Zu diesem Ergebnis kommt die aktuelle Umfrage des Landesverbandes Groß- und Außenhandel, Vertrieb und Dienstleistungen Bayern (LGAD). Die befragten Unternehmer bewerteten das aktuelle Geschäftsklima mit der Schulnote 2,96 – also zufriedenstellend. In der letzten Umfrage, die der Verband im vergangenen Sommer durchgeführt hat, lag dieser Wert noch bei 3,08. Dieser Trend schlägt sich auch in einem guten LGAD-Index nieder: Er ist von 97,2 Punkten im Sommer 2015 auf aktuell 101,1 geklettert und bewegt sich damit im Großen und Ganzen auf dem Niveau der letzten beiden Winter (s. Abbildung 1).

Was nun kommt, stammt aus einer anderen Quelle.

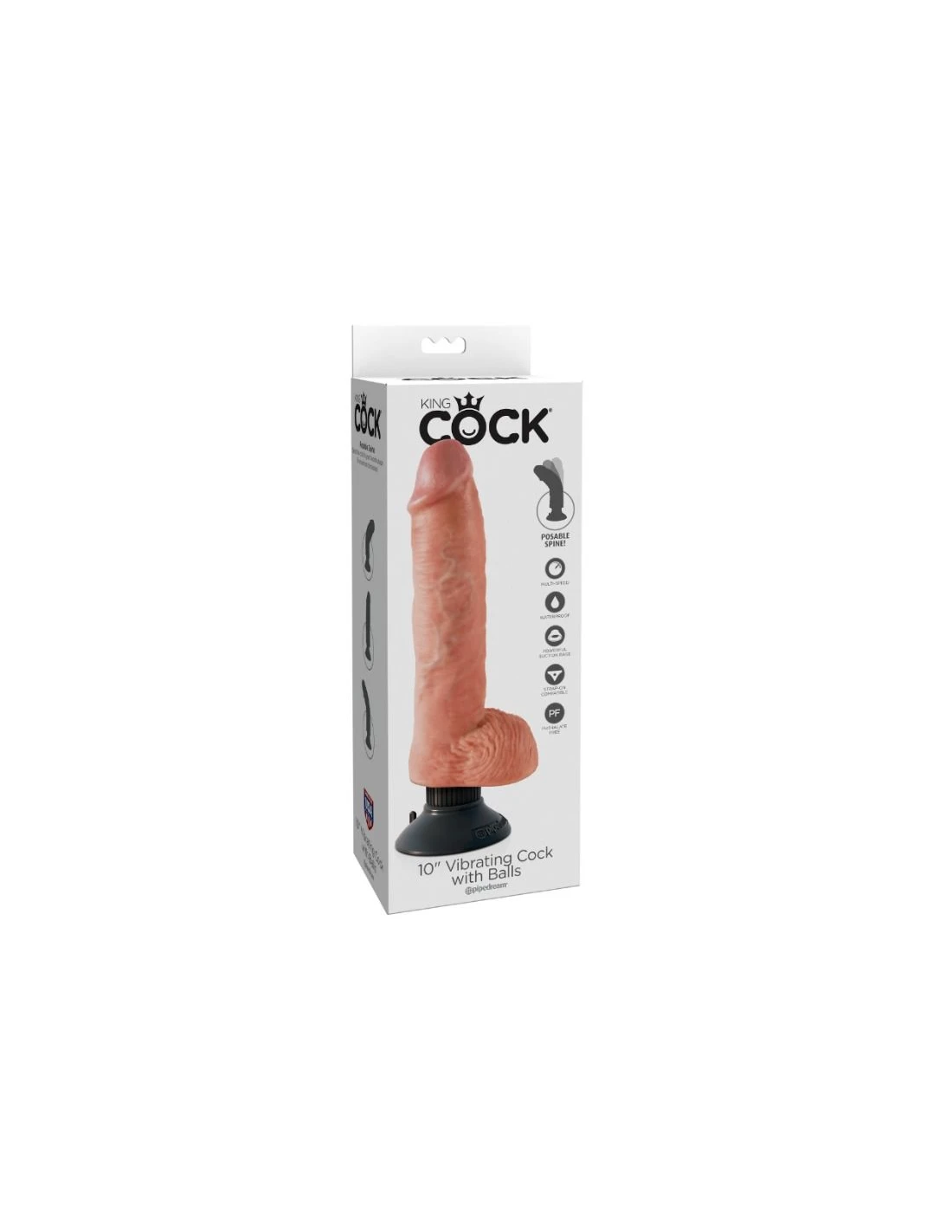 KING COCK - DILDO VIBRADOR CON TESTÍCULOS 25.5 CM COLOR NATURAL
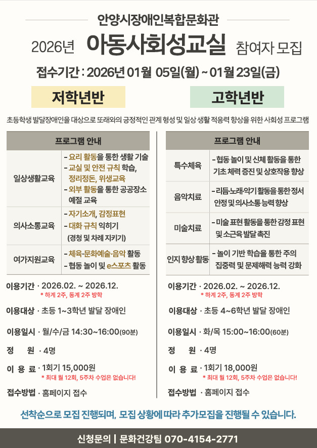아동사회성교실(고학년반-초등 4~6학년) 접수중

Im Gegensatz zu anderen Branchen oder bundesweiten Konjunkturindikatoren, wie zum Beispiel dem ifo-Index, fallen die Werte für den bayerischen Groß- und Außenhandel erfreulich aus. „Glücklicherweise stellen die bayerischen Großhändler die eigene positive Einschätzung über die deutlich eingetrübte bundesdeutsche Sicht“, kommentiert LGAD-Präsident Christoph Leicher diese positive Stimmung. „Wir wünschen uns, dass sich die bayerische Sicht bewahrheitet.“ Die Chancen stehen gut, denn es gebe schließlich mehrere Faktoren, so Leicher weiter, die das Geschäftsklima in eine gute Richtung lenken. So wirke sich vor allem der niedrige Ölpreis derzeit sehr positiv aus Und gerade in einer Wirtschaftsstufe, die Waren von A nach B transportiert, sorge das für gute Energie. Zudem begünstigten niedrige Zinsen – und die damit verbundenen preiswerten Kredite – auch im Groß- und Außenhandel Investitionen, der niedrige Euro beflügle den Export. Und schließlich dürfen die Effekte, die vom Einzelhandel ausgehen, nicht unterschätzt werden, erklärt Leicher, denn: „Wir sorgen dafür, dass die Lager im Einzelhandel gut gefüllt sind. Und wenn die Deutschen in bester Kauflaune sind, dann profitiert auch der Großhandel davon.“

Bundesweit erwarte der Großhandel für 2016 nur leichte Bewegung auf dem Arbeitsmarkt – auch hier sieht in Bayern die Lage anders aus. Bei den Beschäftigungsplänen lassen sich erfreuliche Impulse ausmachen. Jedes dritte der befragten Unternehmen plant, neue Mitarbeiter einzustellen (28,6%). Gleichzeitig ist die Anzahl der Unternehmen, die voraussichtlich Personal abbauen werden, stark gesunken – von über 20% im letzten Jahr auf aktuell 13,2% (s. Abbildung 2). Und während der Großhandel auf Bundesebene mit stagnierenden Umsätzen rechnet, bewerten die Bayern die aktuellen sowie die im nächsten halben Jahr zu erwartenden Umsätze jeweils mit der Schulnote 2,5 – so gute Ergebnisse gab es seit Jahren nicht mehr (s. Abbildung 3).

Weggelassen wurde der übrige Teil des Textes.